Some of you followed my work in Hong Kong, during which time I worked at a small nonprofit as an attorney providing legal representation to refugees seeking asylum, who managed to make their way, by fleeing purposefully or being trafficked, to Hong Kong. My clients came from all over Africa, the Middle East, and South Asia. They fled persecution based on their race, religion, nationality, political opinion, or membership in a particular social group. Many were also torture survivors. Because Hong Kong has not signed the Refugee Convention, those few asylum seekers who win their legal cases, (and are thus recognized legally as refugees instead of being deported) are not allowed to stay in Hong Kong, but must be resettled to a third country that resettles refugees.

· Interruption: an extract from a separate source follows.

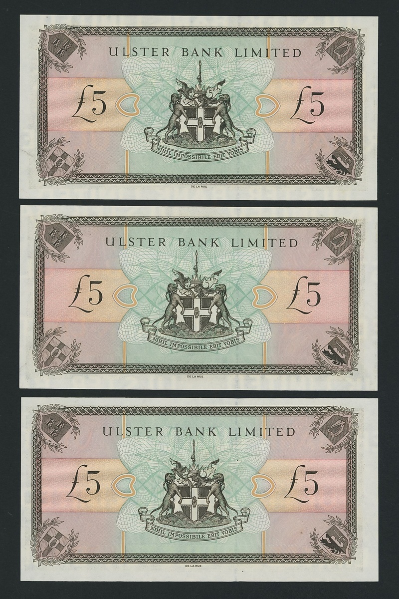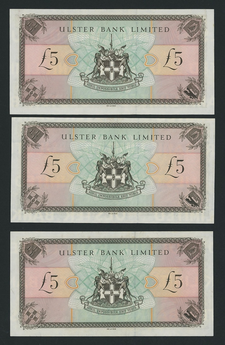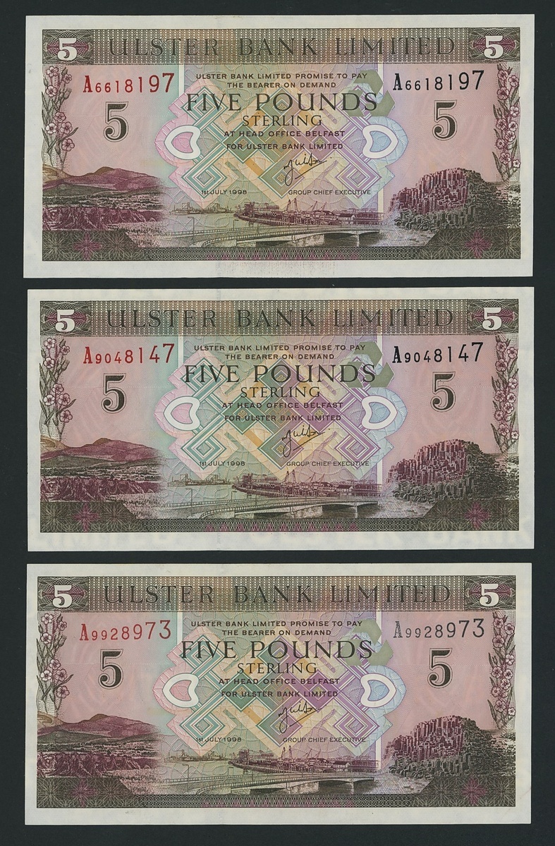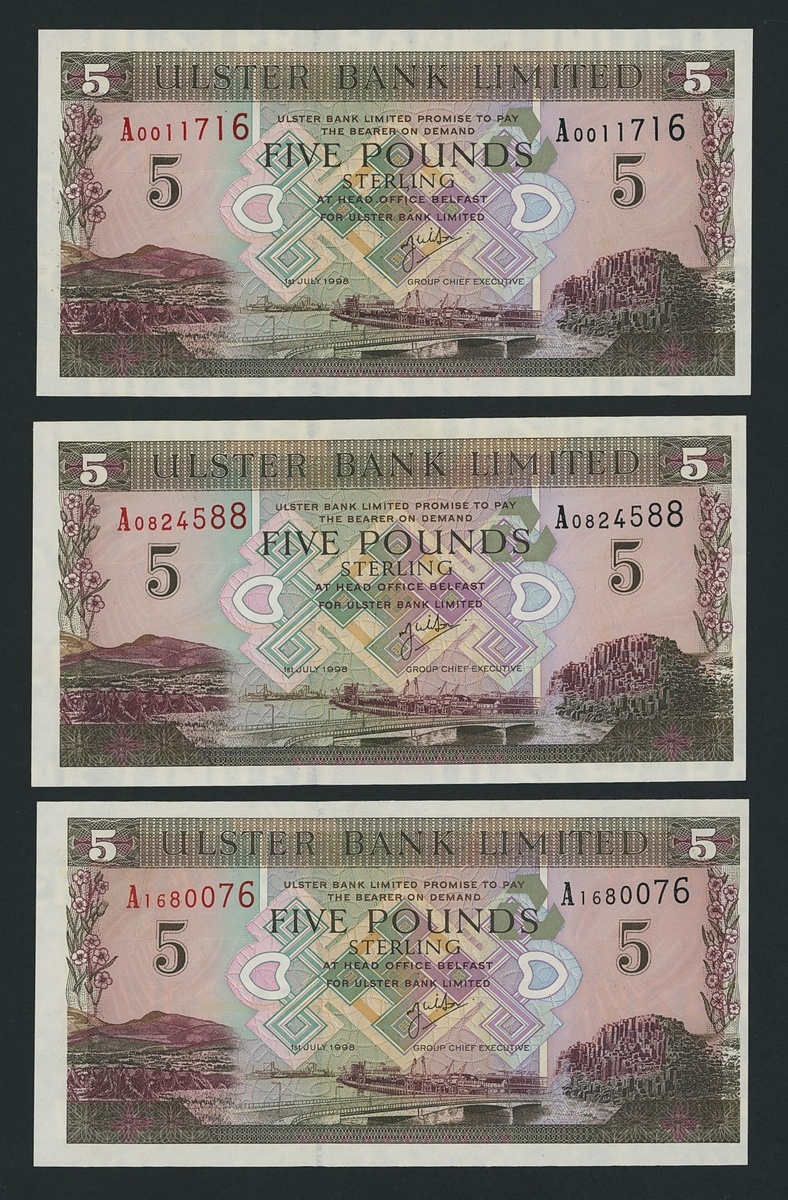 Ulster Bank Limited, [6 notes] £5, Belfast, 1st July 1998, serial numbers A0011719, A0824588, A1680076, A6618197, A9048147, and A9928973,

One such client, a courageous woman from East Africa, will be resettled to the U.S. on August 11. I met Almaz* in 2011, and sat with her as we began piecing together her story to present to the UN Refugee Agency's tribunal as testimony to support her case, and so I could begin forming my legal arguments. Almaz fled her country because she was persecuted for her religious and political beliefs. Hailing from an oppressive country, Almaz was twice imprisoned in military camps for exercising her freedom of religion. Because Almaz refused to renounce her religious beliefs and conform to her one of her country's mandated religions, she was tortured horrifically in these undergound torture camps for a period of time totalling almost two years. After narrowly escaping death, Almaz braved a treacherous escape from her country, and landed in Hong Kong.
The legal process in Hong Kong is frought with many problems, such as serious lack of capacity, violations of due process, severe understaffing, lack of interpreters, inadequate training in legal and cultural competency, and extremely lengthy proceedings and delays in decisions, generally lasting years. Additionally, asylum seekers are neither allowed to work or volunteer in Hong Kong, and live in dire poverty for years as they await the results of their cases. They flee persecution and torture, believing they will arrive to a safe haven, only to arrive to a different kind of hell.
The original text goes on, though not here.